» TRY IT:
Write out the entries below exactly, from the first line to the one with "Bohemian Lines Washable", both ends included.

Top of TASK INPUTS

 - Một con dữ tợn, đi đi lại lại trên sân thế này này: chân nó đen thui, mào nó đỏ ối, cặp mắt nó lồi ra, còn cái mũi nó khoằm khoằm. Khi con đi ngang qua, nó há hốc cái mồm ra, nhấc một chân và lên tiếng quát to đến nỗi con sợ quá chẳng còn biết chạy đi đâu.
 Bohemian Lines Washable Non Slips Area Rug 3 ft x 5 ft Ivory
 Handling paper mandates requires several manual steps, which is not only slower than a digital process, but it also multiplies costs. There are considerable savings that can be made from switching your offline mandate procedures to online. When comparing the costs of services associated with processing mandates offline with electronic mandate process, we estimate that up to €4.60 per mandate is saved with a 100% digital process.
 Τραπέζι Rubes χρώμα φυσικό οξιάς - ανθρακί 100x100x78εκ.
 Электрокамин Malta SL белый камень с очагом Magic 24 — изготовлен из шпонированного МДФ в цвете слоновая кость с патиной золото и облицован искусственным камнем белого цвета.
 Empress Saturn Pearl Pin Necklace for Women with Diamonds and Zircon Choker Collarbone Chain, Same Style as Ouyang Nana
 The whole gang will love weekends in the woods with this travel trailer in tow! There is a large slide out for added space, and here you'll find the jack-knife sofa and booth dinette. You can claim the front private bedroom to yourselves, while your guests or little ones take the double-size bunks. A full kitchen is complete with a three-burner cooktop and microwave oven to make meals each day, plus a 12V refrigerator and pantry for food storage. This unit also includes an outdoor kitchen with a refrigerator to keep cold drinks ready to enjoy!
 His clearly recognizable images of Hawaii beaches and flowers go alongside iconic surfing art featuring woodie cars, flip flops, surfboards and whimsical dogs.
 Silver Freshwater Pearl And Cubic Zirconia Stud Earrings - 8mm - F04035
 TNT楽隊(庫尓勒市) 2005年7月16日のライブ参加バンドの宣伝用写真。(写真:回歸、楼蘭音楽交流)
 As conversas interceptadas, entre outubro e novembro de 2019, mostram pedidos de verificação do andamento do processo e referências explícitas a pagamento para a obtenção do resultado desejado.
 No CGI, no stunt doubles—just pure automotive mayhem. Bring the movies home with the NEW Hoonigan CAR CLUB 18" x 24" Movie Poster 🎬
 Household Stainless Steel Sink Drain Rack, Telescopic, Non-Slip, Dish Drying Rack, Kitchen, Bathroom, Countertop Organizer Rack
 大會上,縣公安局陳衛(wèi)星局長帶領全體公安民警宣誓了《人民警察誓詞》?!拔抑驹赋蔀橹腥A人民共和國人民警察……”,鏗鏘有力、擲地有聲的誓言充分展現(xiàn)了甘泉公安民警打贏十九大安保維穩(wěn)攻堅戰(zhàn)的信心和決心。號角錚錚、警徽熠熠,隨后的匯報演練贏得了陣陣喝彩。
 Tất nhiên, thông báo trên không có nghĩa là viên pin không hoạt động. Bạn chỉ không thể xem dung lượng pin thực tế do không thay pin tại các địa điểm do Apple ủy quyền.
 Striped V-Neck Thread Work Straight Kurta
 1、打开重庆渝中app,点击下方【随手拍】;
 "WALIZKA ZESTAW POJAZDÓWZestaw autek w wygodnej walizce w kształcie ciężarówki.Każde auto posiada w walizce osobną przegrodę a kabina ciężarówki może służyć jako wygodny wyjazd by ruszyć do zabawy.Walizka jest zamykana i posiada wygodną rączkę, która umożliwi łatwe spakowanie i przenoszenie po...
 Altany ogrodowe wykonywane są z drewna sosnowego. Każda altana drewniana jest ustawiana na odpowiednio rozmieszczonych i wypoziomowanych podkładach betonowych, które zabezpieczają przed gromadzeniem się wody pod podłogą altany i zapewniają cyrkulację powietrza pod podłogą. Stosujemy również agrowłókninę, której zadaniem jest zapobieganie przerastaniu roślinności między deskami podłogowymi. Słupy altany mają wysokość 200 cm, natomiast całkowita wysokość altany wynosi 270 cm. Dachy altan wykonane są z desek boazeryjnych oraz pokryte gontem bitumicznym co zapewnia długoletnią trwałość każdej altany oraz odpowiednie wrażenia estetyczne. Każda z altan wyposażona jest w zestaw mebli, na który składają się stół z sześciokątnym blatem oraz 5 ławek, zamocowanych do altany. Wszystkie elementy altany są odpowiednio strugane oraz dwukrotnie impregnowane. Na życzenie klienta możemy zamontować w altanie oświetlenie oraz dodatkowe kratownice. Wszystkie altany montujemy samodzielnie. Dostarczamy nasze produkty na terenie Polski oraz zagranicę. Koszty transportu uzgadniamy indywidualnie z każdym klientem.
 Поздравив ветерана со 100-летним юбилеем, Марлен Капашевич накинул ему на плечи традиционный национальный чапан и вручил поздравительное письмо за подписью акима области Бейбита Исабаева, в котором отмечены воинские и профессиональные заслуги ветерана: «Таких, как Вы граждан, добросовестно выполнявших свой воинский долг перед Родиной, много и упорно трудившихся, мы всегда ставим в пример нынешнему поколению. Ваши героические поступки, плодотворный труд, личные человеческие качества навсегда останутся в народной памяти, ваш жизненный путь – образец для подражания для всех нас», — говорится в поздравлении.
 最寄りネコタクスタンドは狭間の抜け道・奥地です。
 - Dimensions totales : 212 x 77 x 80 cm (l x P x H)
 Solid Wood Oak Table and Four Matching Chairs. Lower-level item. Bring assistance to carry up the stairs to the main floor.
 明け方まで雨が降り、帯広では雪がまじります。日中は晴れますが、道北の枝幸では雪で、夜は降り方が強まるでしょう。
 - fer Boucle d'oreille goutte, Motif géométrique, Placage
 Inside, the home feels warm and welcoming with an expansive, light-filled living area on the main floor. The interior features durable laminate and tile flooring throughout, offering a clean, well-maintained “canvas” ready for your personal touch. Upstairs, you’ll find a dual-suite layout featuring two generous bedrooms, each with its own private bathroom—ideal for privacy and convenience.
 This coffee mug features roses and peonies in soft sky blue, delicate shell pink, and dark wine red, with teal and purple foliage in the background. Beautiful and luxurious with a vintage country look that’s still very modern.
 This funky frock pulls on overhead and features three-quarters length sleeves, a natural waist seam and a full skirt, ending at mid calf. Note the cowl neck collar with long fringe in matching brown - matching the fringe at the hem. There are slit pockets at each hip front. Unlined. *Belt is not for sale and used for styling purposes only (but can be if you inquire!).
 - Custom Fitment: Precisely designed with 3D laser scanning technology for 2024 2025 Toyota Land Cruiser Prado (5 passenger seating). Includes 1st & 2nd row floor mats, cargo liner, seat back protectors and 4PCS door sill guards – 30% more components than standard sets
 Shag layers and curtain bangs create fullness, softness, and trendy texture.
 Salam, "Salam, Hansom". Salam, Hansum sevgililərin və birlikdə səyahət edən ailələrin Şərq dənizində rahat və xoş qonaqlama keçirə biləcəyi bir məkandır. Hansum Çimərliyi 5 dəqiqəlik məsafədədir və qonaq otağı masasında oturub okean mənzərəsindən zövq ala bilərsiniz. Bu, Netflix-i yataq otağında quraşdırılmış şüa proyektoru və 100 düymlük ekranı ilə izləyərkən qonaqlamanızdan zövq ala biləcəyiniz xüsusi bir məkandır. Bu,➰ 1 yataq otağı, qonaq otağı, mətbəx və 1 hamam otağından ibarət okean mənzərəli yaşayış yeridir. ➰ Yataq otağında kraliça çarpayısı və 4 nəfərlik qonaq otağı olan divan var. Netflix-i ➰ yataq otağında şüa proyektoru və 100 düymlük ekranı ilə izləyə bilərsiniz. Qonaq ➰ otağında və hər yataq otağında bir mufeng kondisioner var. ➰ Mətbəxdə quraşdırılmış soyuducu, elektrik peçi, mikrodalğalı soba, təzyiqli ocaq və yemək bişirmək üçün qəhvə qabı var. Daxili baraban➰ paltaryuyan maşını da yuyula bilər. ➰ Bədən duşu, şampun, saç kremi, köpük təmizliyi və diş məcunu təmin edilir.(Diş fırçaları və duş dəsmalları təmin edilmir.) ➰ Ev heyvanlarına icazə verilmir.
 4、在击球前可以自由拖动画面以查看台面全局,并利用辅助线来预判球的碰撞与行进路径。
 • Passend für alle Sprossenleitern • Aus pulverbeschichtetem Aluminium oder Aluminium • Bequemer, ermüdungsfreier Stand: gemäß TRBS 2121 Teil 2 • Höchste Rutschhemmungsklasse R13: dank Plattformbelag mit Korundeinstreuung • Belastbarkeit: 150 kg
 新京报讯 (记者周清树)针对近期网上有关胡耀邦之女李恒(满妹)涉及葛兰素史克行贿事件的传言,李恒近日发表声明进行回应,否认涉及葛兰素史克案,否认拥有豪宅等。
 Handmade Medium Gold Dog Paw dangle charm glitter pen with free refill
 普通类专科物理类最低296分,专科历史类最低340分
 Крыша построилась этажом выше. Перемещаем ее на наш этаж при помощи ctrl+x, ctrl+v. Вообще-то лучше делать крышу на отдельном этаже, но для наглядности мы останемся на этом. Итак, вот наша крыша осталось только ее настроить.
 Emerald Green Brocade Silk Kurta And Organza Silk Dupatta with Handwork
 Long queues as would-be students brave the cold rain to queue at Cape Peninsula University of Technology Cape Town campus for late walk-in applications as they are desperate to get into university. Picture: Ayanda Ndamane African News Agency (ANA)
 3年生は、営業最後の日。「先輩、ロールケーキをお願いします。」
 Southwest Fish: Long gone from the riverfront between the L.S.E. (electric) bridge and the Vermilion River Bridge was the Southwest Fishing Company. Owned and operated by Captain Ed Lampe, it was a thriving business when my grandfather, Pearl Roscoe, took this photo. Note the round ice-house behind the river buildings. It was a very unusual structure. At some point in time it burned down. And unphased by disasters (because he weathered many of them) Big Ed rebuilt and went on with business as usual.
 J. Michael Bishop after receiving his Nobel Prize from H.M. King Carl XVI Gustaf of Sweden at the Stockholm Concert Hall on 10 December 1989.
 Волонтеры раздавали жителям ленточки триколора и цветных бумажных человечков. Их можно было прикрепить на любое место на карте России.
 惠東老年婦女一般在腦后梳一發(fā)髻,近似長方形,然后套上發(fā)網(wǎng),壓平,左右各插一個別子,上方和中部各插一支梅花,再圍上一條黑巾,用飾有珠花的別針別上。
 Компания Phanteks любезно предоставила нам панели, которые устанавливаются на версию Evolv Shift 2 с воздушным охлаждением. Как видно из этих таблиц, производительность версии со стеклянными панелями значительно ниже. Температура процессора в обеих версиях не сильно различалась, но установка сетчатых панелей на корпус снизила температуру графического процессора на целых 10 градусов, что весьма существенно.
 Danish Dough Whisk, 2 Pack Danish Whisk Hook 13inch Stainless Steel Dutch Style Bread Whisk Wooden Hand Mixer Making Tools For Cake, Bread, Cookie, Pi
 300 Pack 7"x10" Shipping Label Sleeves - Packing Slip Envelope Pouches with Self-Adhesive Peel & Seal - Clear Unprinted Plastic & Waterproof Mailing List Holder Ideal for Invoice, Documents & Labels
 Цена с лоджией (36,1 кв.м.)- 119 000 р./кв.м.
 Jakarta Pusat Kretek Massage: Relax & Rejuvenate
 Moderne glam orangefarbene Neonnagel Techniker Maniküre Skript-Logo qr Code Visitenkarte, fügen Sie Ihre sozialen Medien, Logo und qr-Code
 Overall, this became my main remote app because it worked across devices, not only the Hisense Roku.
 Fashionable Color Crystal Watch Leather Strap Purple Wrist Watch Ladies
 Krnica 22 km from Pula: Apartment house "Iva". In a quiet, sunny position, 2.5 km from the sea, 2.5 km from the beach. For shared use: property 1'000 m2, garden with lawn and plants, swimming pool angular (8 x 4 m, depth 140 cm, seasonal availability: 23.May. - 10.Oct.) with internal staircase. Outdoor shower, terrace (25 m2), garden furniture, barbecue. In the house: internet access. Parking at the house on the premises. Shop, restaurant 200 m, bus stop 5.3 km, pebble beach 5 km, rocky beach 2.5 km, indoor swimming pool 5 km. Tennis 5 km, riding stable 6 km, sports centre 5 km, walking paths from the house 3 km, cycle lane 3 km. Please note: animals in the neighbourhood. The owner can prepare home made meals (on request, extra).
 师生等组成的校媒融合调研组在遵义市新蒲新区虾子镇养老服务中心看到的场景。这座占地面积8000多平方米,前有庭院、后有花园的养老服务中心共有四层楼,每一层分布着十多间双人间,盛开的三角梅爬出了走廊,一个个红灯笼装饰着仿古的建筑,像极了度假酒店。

Bottom of TASK INPUTS

» EXERCISE ANSWER:
 - Một con dữ tợn, đi đi lại lại trên sân thế này này: chân nó đen thui, mào nó đỏ ối, cặp mắt nó lồi ra, còn cái mũi nó khoằm khoằm. Khi con đi ngang qua, nó há hốc cái mồm ra, nhấc một chân và lên tiếng quát to đến nỗi con sợ quá chẳng còn biết chạy đi đâu.
 Bohemian Lines Washable Non Slips Area Rug 3 ft x 5 ft Ivory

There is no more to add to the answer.